The residue information associated with an atom can be set with the OEAtomSetResidue function, and is retrieved with the OEAtomGetResidue function. The PDB and Macromodel file format readers parse this information from the input file format. Additionally, OEChem allows residue information to be perceived directly from the connection table using the OEPerceiveResidues function.
For many algorithms processing biomolecules, it is convenient to maintain the atoms of the OEMolBase in sorted order to group atoms in the same residue next to one another, and residues in the same chain sequentially. This can be done conveniently in OEChem using the OEPDBOrderAtoms function.
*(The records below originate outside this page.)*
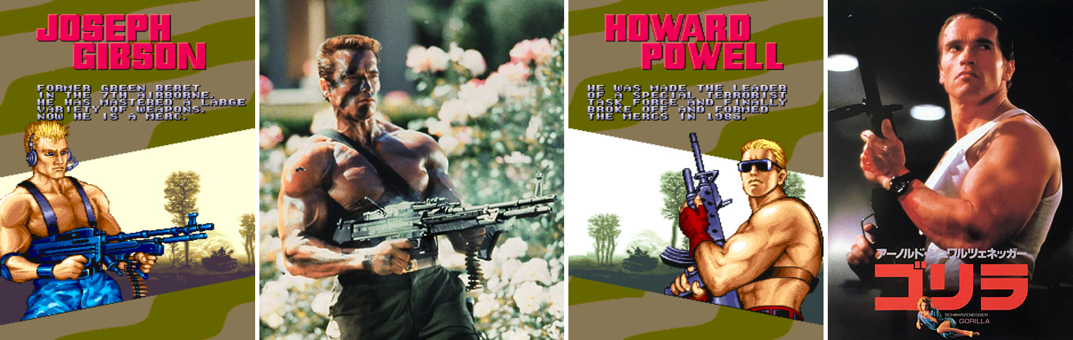 A nyolcvanas években a játékfejlesztők nem voltak gátlásosak a filmes inspirációk nyilvánvalósága terén, e képek például a Capcom által fejlesztett Mercs játéktermi verziójából származnak, mellettük pedig az őket egyértelműen ihlető Arnold Schwarzenegger pixelről pixelre lemásolt, de persze átalakított arcszerkezetű pózai láthatók. Az első testhelyzetet a Kommandóból lopták a grafikusok, a másodikat pedig a Raw Deal japán poszteréről. A legjobb dolog ebben az egészben azonban az, hogy utóbbi, a nálunk Piszkos alkuként ismert film címe Japánban Gorilla volt...
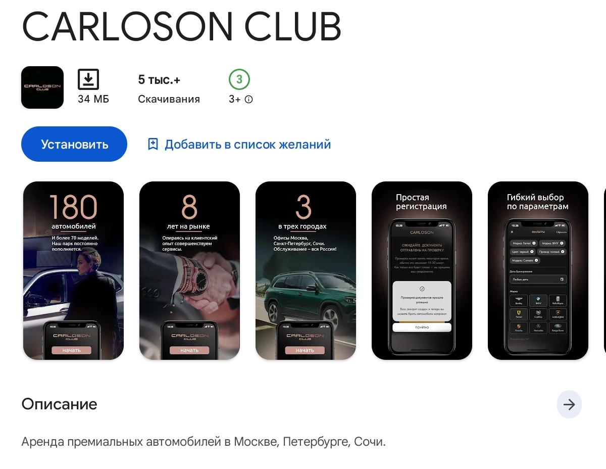 Карлосон Клуб (Carloson Club) — лидер на рынке проката эксклюзивных и премиальных автомобилей. Клиентам предоставляют европейский уровень сервиса. Компания фокусируется на создании незабываемого опыта вождения, предлагая более 200 вариантов люксовых автомобилей. Работает в Москве, Санкт-Петербурге, Сочи и Дубае.
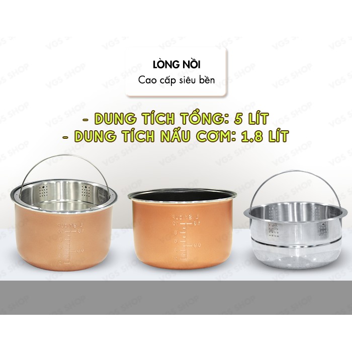 - Dung tích lớn 5L, công suất 800 W, nấu cơm nhanh chóng cho cả nhà

Note, that OEPercieveResidues calls OEPDBOrderAtoms automatically.
A common idiom is therefore the following code snippet:
def MyPrepareProtein(mol):
if OEHasResidues(mol):
OEPDBOrderAtoms(mol)
else:
OEPerceiveResidues(mol)
As a teaching example, the following code demonstrates one way of reporting the number of different chains in an OEMolBase.
def MyCountChains(mol):
result = 0
first = True
prev = None
for atom in mol.GetAtoms():
res = OEAtomGetResidue(atom)
chain = res.GetChainID()
if first or chain != prev:
result += 1
first = False
prev = chain
return result
A slightly improved version would be to use OEChem's OESameChain function.
def MyCountChains2(mol):
result = 0
prev = None
for atom in mol.GetAtoms():
res = OEAtomGetResidue(atom)
if prev and OESameChain(res,prev):
continue
prev = res
result += 1
return result
Clearly, a MyCountResidues function would look almost identical but use the OESameResidue function instead of OESameChain. The slightly more complicated example below, reports the number of residues in each chain.
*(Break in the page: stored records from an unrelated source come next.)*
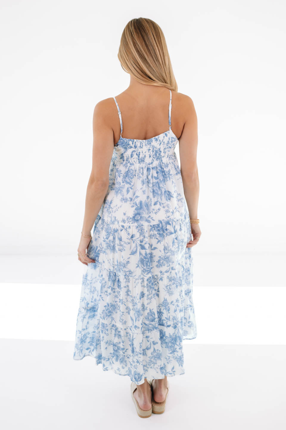 This charming white midi dress features a delicate blue floral print and adjustable spaghetti straps for a flattering fit. The standout bow adds a touch of playful elegance, while the pockets add both style and practicality. Perfect for a warm day or a laid-back event, this dress combines comfort and femininity effortlessly!
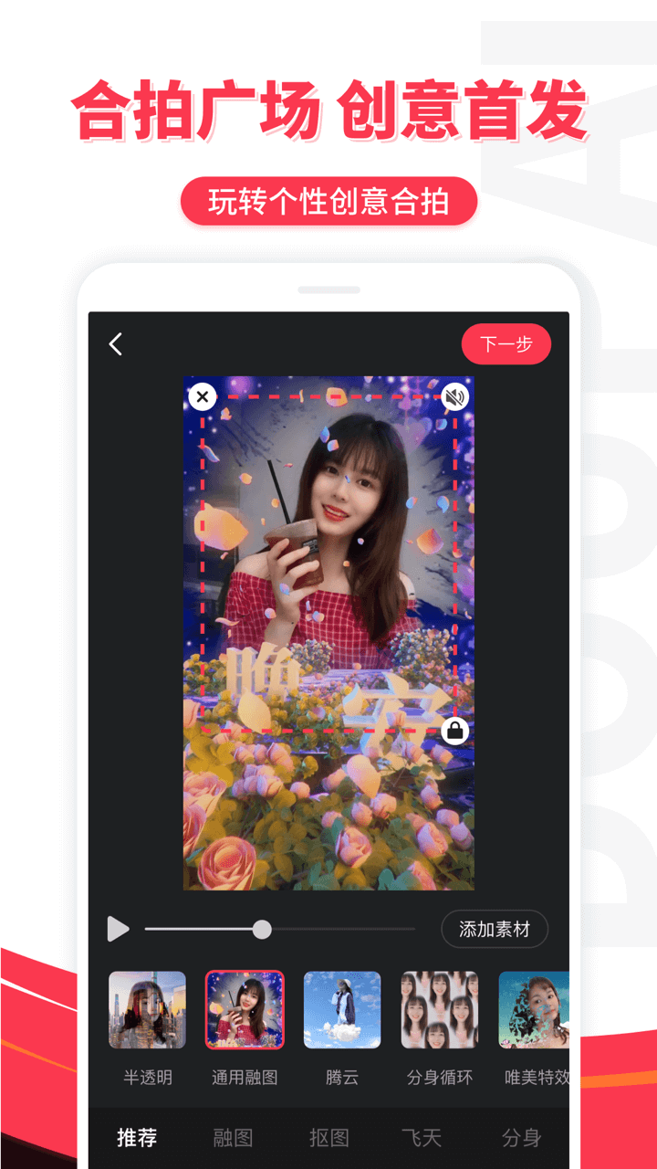 这里的“视频社区”有点不一样,每个人除了可以分享出自己的视频作品之外,还可以与其他作品一起玩转不一样的合拍:半透明合成、唯美融图、趣味抠像、动效组合等等新玩法,给你既简单又有趣的视频制作新体验。
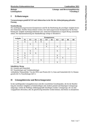 Nicht für den Prüfling bestimmt Hessisches Kultusministerium Landesabitur 2021 Biologie Lösungs- und Bewertungshinweise Leistungskurs Vorschlag C Seite 1 von 7I Erläuterungen Voraussetzungen gemäß KCGO und Abiturerlass in der für den Abiturjahrgang geltenden Fassung Standardbezug Die nachfolgend ausgewiesenen Kompetenzen sind für die Bearbeitung der jeweiligen Aufgabe beson- ders bedeutsam. Darüber hinaus können weitere, hier nicht ausgewiesene Kompetenzen für die Bear- beitung der Aufgabe nachrangig bedeutsam sein, zumal die Kompetenzen in engem Bezug zueinander stehen. Die Operationalisierung des Standardbezugs erfolgt in Abschnitt II. Aufgabe Kompetenzen F1 F2 E1 E2 E3 K1 K2 K3 B1 B2 1 X X X 2 X X 3 X X 4 X X 5 X X 6 X X X 7 X X 8 X X X 9 X X 10 X Inhaltlicher Bezug Q1: Genetik und Gentechnik Q3: Neurobiologie und Verhaltensbiologie verbindliche Themenfelder: Von der DNA zum Protein (Q1.1), Gene und Gentechnik (Q1.2), Human- genetik (Q1.3), Neurobiologie (Q3.1) II Lösungshinweise und Bewertungsraster In den nachfolgenden Lösungshinweisen sind alle wesentlichen Gesichtspunkte, die bei der Bearbei- tung der einzelnen Aufgaben zu berücksichtigen sind, konkret genannt und diejenigen Lösungswege aufgezeigt, welche die Prüflinge erfahrungsgemäß einschlagen werden. Lösungswege, die von den vorgegebenen abweichen, aber als gleichwertig betrachtet werden können, sind ebenso zu akzeptieren.

def MyReportResidues1(mol):
prevchain = None
for chain in mol.GetAtoms():
chainres = OEAtomGetResidue(chain)
if not prevchain or not OESameChain(chainres, prevchain):
prevres = None
count = 0
for residue in mol.GetAtoms():
resres = OEAtomGetResidue(residue)
if OESameChain(resres, chainres):
if not prevres or not OESameChain(resres,prevres):
prevres = resres
count += 1
print count,"residues in chain",chainres.GetChainID()
prevchain = chainres
Whilst the above example contains the doubly nested loops that some structural biologists like to see, the same output can be generated even more efficiently by:
def MyReportResidues2(mol):
count = 0
residue = None
chain = None
for atom in mol.GetAtoms():
res = OEAtomGetResidue(atom)
if not chain:
chain = res
elif not OESameChain(res,chain):
print count,"residues in chain",chain.GetChainID()
count = 0
if not residue or not OESameResidue(res, residue):
residue = res
count += 1
if count>0:
print count,"residues in chain",chain.GetChainID()
Of course, just because OEChem uses an extremely advanced representation of biopolymers, there's absolutely nothing to prevent a user slurping this information into a FORTRAN common block or whichever representation best suits their way of thinking about the problem.